Summer in Alaska is about packrafting. If you can navigate the rivers then Alaska is at your disposal. Packrafts are six-pound backcountry boats. Think Kmart raft with $1000 worth of durability.

Last weekend Cathy, Gretchen Roffler and I packrafted a portion of the East Fork of the Chulitna River, an hour north of Talkeetna. We started where the Parks Highway crosses the East Fork, hiked Hardage Creek to a pass and over to the East Fork to float back to our cars. Dreamy. 
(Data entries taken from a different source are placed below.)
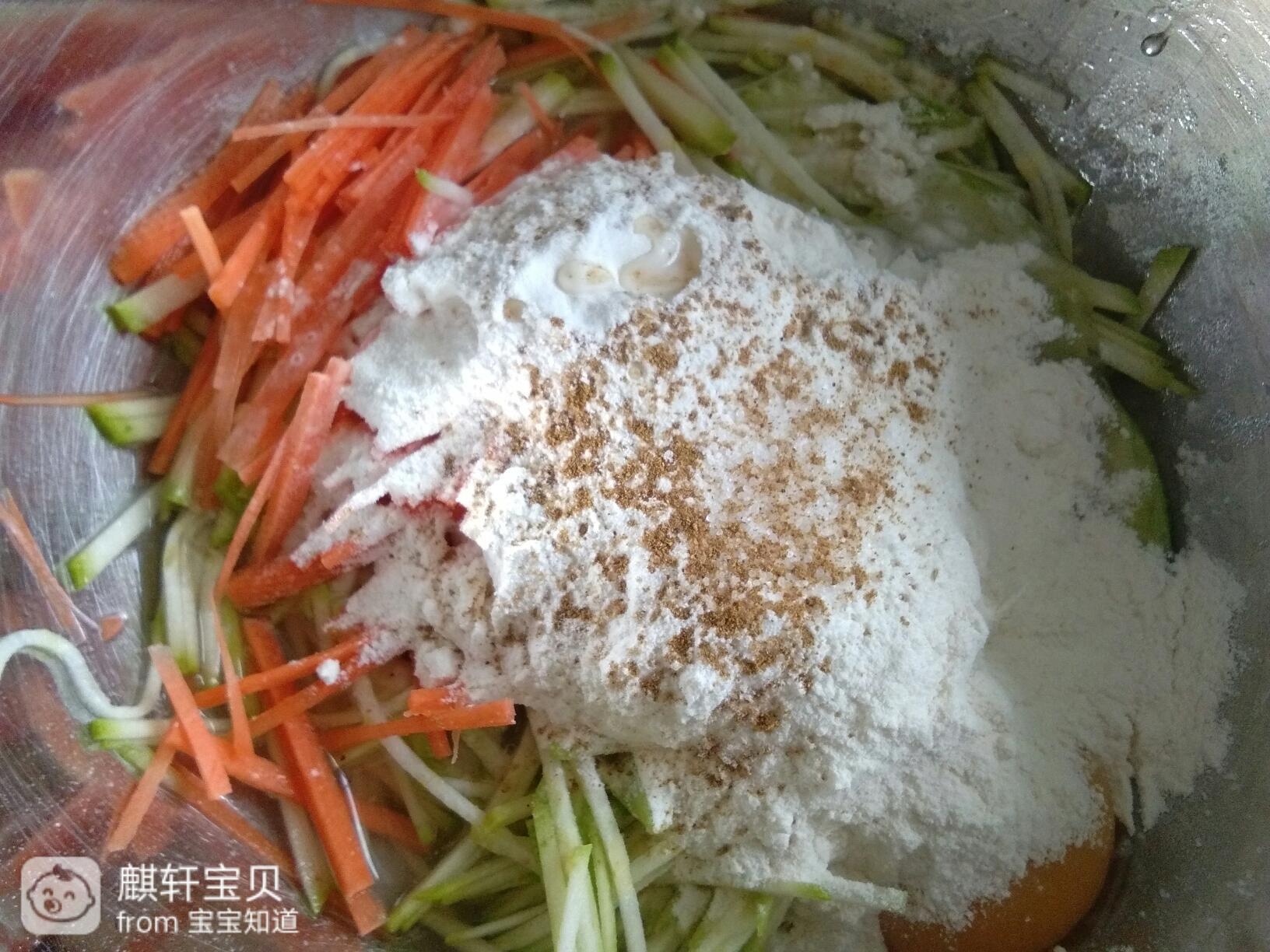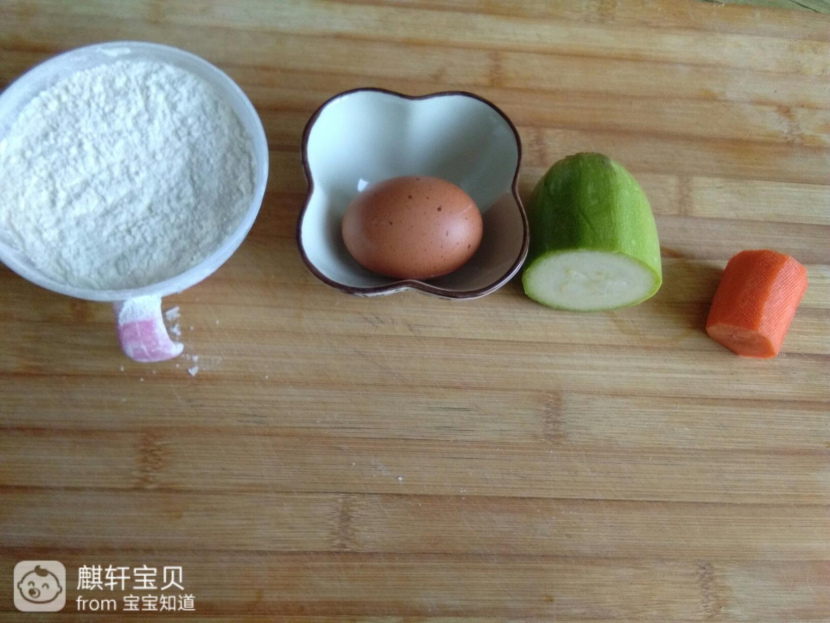 准备食材:面粉,鸡蛋,胡萝卜,西葫芦,油,盐,五香粉
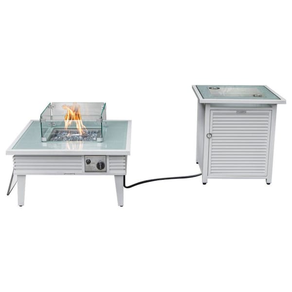 Walbrooke Patio Square Fire Pit and Tank Holder with Slats Design, White
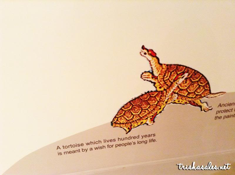 Text (Bottom): Ancient people believed that imaginary animals protect them from the evil. So they used to hang up the painting on the wall inside the house.
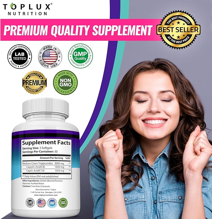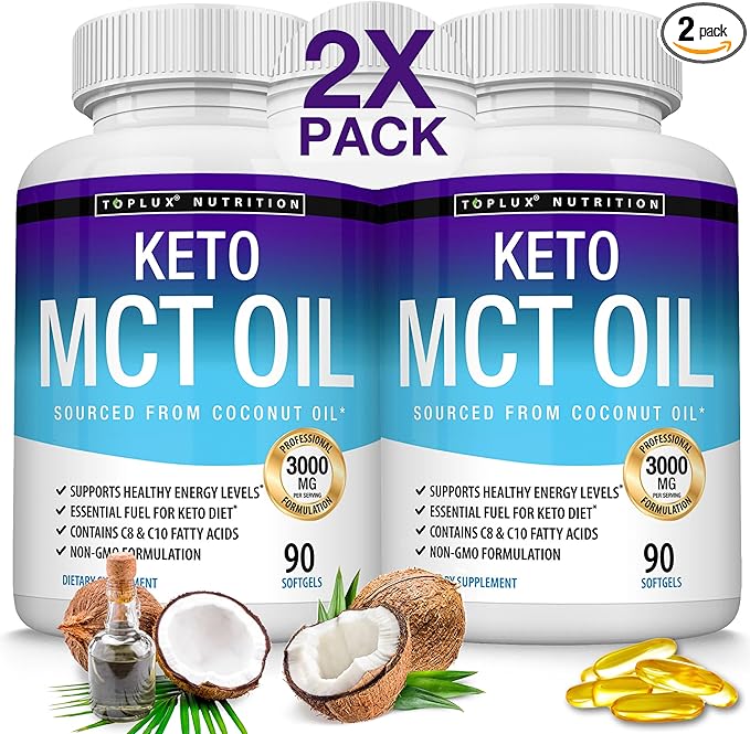 - Convenient Softgel Form - Enjoy the benefits of MCT Oil in a tasteless softgel form. With 90 softgels per bottle, Toplux Keto MCT offers enough supply to start your Keto MCT journey, making it simple to add into your daily regimen. No messy oils or complex measurements — just straightforward, easy to take supplement. Enhance your nutrition with the benefits of MCT oil c8 and c10 from coconut oil
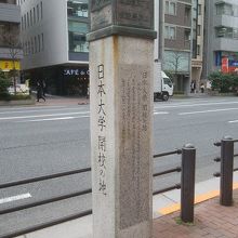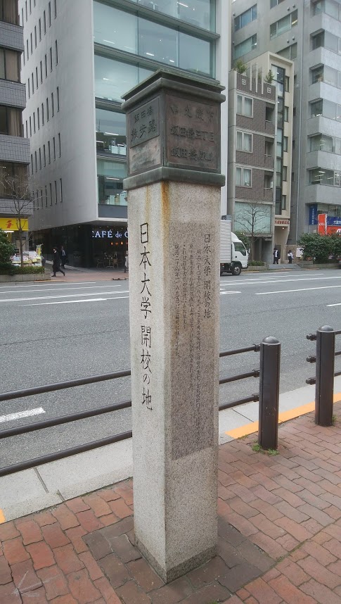 JR・東京メトロの飯田橋駅のすぐ近くにあって、東京区政会館の目の前にこちらの石標がたっています。おとなりに國學院大學、東京府立第四中学校(現在の都立戸山高校)の開学地の石標と並んでいます。日本大学も含めていずれも、皇典講究所をそのルーツとしているもので、日本大学もその前身である日本法律学校がこの地に創設されました。いまでは日本でも有数の規模を誇る大学の発祥がここです。大学が多いこのエリアにはたくさんのこれに類する石碑がありますが、その一つという感じです。
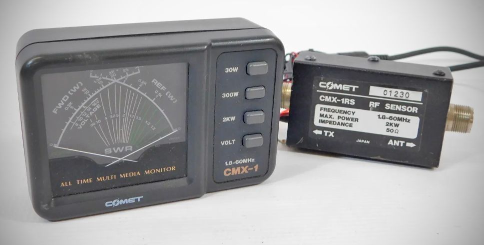 The CMX series features a cross-needle meter that simultaneously displays forward power, reflected power, and VSWR. The system is split into two parts: a compact meter section for easy viewing and a separate RF sensor designed with an extremely low-loss circuit.
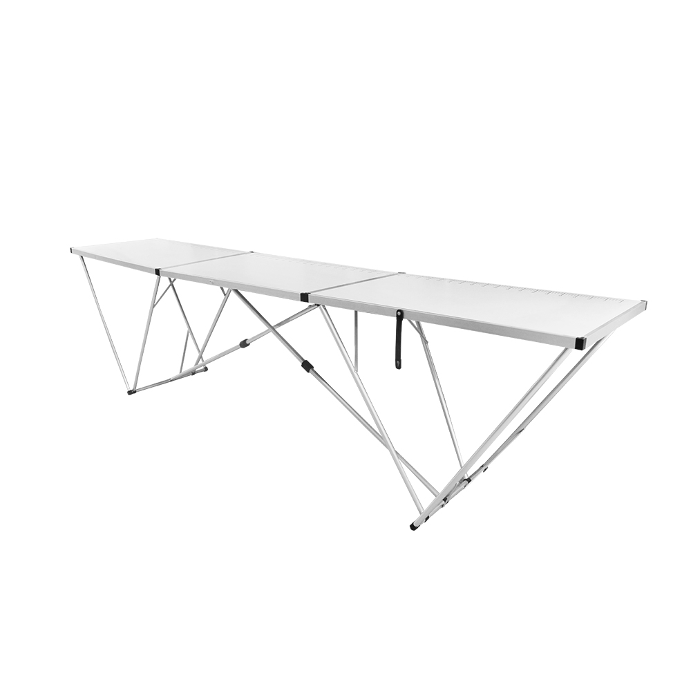 Aluminum trestle table. Robust quality. 5 mm thick, coated worktop with aluminum frame. Fixed connection of all components by Blindvernietung. Easy and quick assembling by dual bayonet lock.
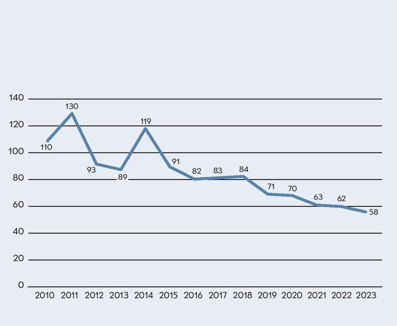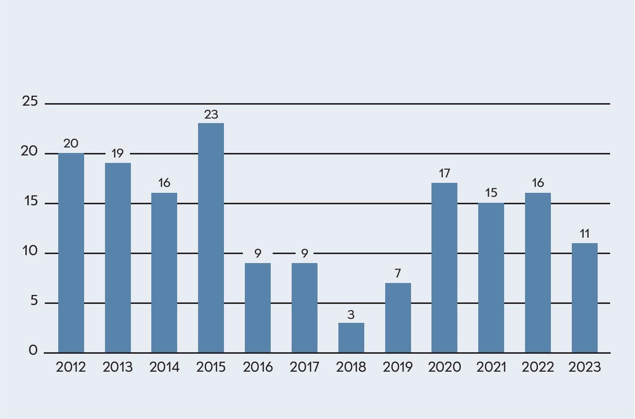תרשים ג/10. צווי מאסר נגד סרבני גט, 2023-2012 (במספרים מוחלטים)

A guidebook for packrafting isn't out yet, but it's coming. Our info for the East Fork of the Chulitna River came from packrafting.org. Brad Meiklejohn's description had typical Alaskan class. He provides the necessary route info, but leaves out extraneous details. Brad mentions nothing of the bushes in Hardage Creek. We found some bushes where moose live. Then we camped at bushline. 

Cathy and Gretchen at treeline camp in Hardage Creek. For this trip we eschewed stove and tent. Instead we roasted franks over a fire, slept under a tarp, and drank cowboy coffee for breakfast. A hole dug by a grizzly after a rodent made an ideal fire pit.  

Real coffee. Dylan Taylor told me to never boil cowboy coffee. We boiled the coffee and it was incredible. I'll never listen to Dylan again. 

At the 4,600-foot pass between Hardage Creek and our descent to the East Fork. 

Down in those bushes that Alaskans don't notice is where we got in our boats. Rob Whitney and Corey Smith (two fit boys) did an extended version of our trip.

Yum! Low bush blueberries. 

Gretchen in first canyon. 

Scoping the class III crux entrance to second canyon.  

Back on the Parks Highway at 7:30 PM. The weekend I've lusted after for three years. Oh Alaska!